In re: Lehman Bros.

(United States Second Circuit) – In a Chapter 11 bankruptcy appeal by thousands of former employees of debtor who held restricted stock units that were rendered worthless after the filing, the district court’s judgment sustaining debtor’s objections to the claims, on grounds that the claims must be subordinated to the claims of general creditors pursuant to 11 U.S.C. section 510(b) because the former arise from the purchase or sale of securities, is affirmed where the claims at issue must be subordinated pursuant to 11 U.S.C. section 510(b) because, within the meaning of that statute: 1) restricted stock units are securities; 2) the claimants acquired them in a purchase; and 3) the claims for damages arise from that purchase or the asserted rescission thereof.

In re: The Trustees of Conneaut Lake PArk, Inc.

(United States Third Circuit) – In a bankruptcy case involving 40 Pa. Stat. section 638, which prohibits insurance companies from paying fire insurance proceeds to a ‘named insured’ unless the local municipality certifies that no delinquent taxes are owed on the property where the insured structure was located, the District Court’s judgment reversing the Bankruptcy Court grant of summary judgment to the Taxing Authorities and holding that ‘named insured’ as used in Section 638 includes only those who own the structure at issue and are responsible for the delinquent taxes, is reversed where this interpretation contravenes the text of the statute.

Privitera v. Curran

(United States First Circuit) – In a Chapter 7 liquidation proceeding involving a creditor-plaintiff’s attempt to avail herself of two exemptions from debt discharge, the bankruptcy court’s denial of plaintiff’s motion for leave to amend the complaint is affirmed where an adequate basis existed for the bankruptcy court’s denial of the plaintiff’s motion to amend: the new claim, like the old claim, would have been futile.

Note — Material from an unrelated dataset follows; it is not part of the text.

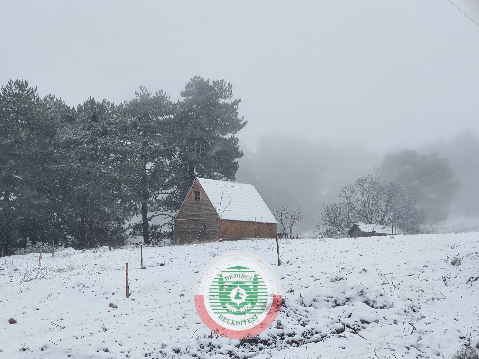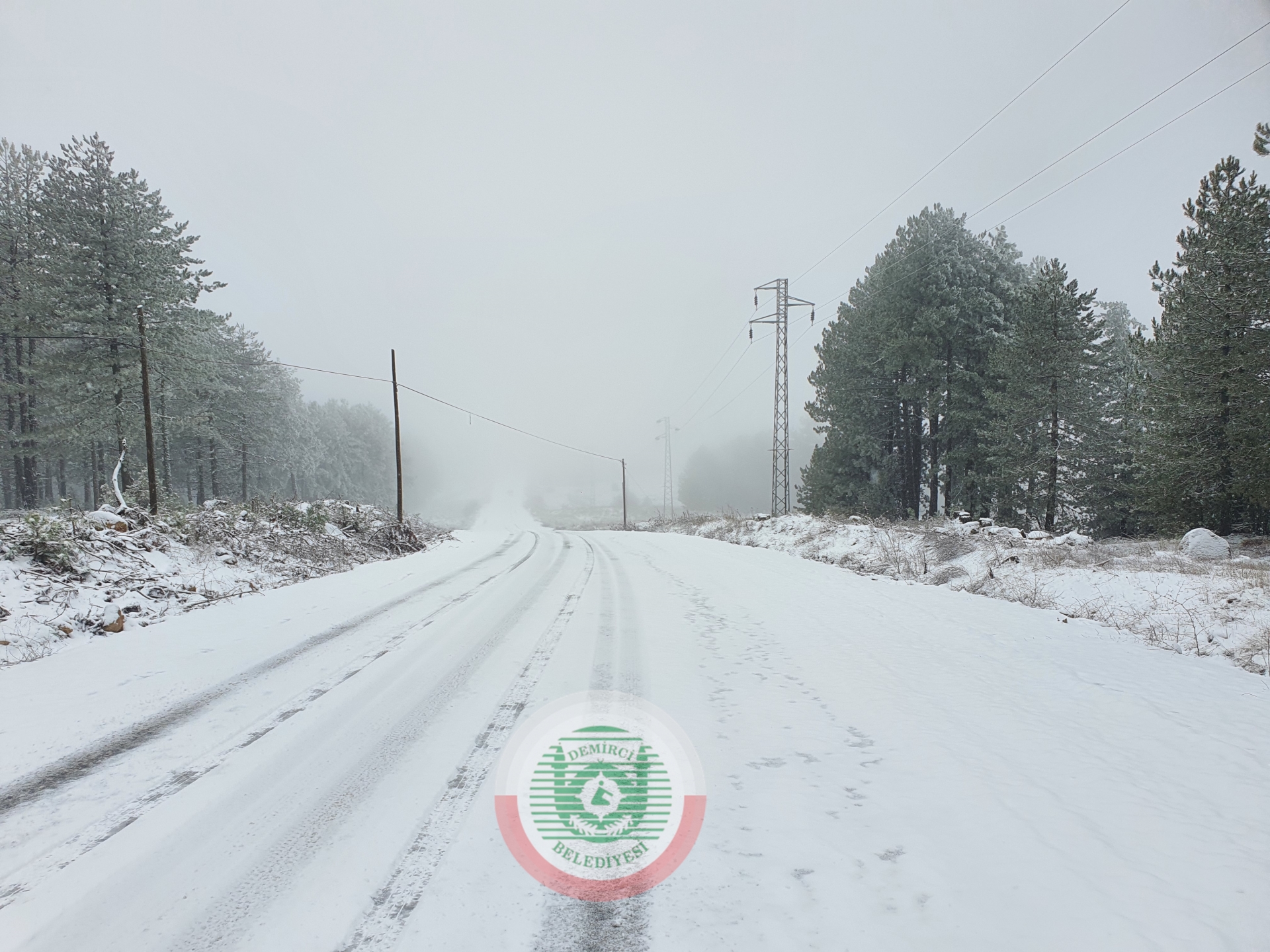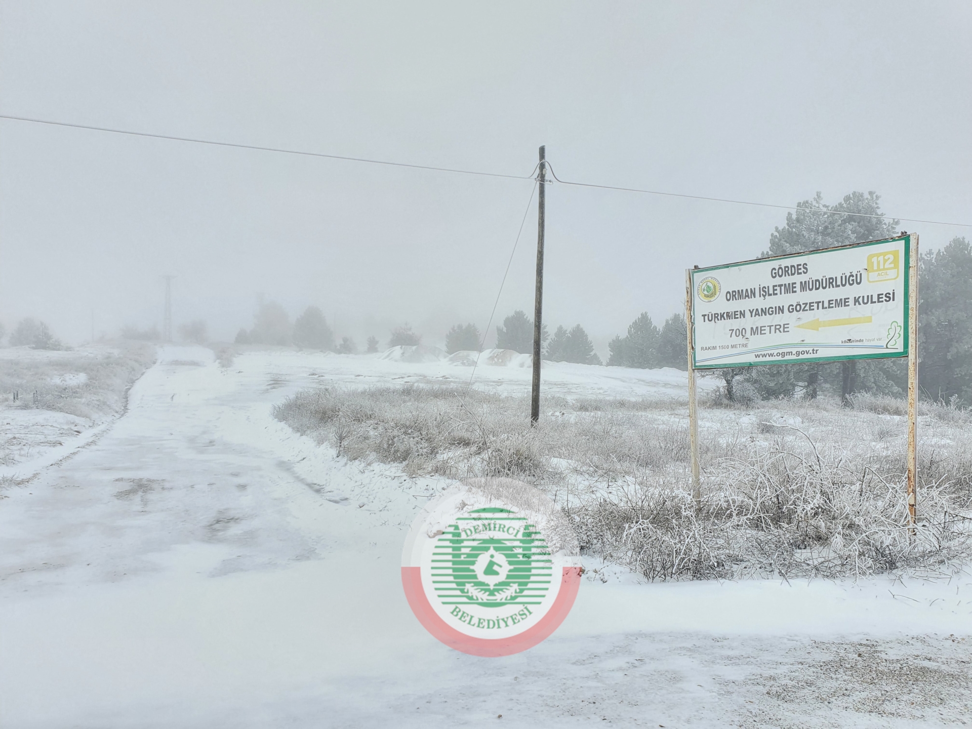 Demirci'nin yüksek kesimlerinde sabaha karşı başlayan kar yağışı ile dağlar beyaza büründü.

Porter v. Nabors Drilling USA, L.P.

(United States Ninth Circuit) – In a lawsuit asserting a claim under California’s Private Attorney General Act of 2004 (PAGA), the court grants defendant’s motion to recognize an automatic stay, triggered by its filing for reorganization under Chapter 11 of the Bankruptcy Code, where the exception to an automatic stay established in 11 U.S.C section 362(b)(4), described as the governmental regulatory or governmental unit exception, did not apply to a claim brought by a private party under PAGA.

In re Tronox Inc.

(United States Second Circuit) – In an appeal of a district court order enforcing a permanent anti‐suit injunction issued after a bankruptcy settlement, involving the toxic tort claims of than 4,300 individuals who allege significant injuries from the operation of a wood‐treatment plant in Avoca, Pennsylvania between 1956 and 1996, the appeal is dismissed for lack of jurisdiction where the claims are barred by the injunction because they are generalized ‘derivative’ claims that fall within the property of the bankruptcy estate.

Mastan v. Salamon

(United States Ninth Circuit) – In a Chapter 11 case, the Bankruptcy Appellate Panel’s decision affirming the bankruptcy court’s order disallowing a claim is affirmed where under 11 U.S.C. section 1111(b), those who hold non-recourse liens on real property are granted recourse against the bankruptcy estate upon the filing of the bankruptcy petition.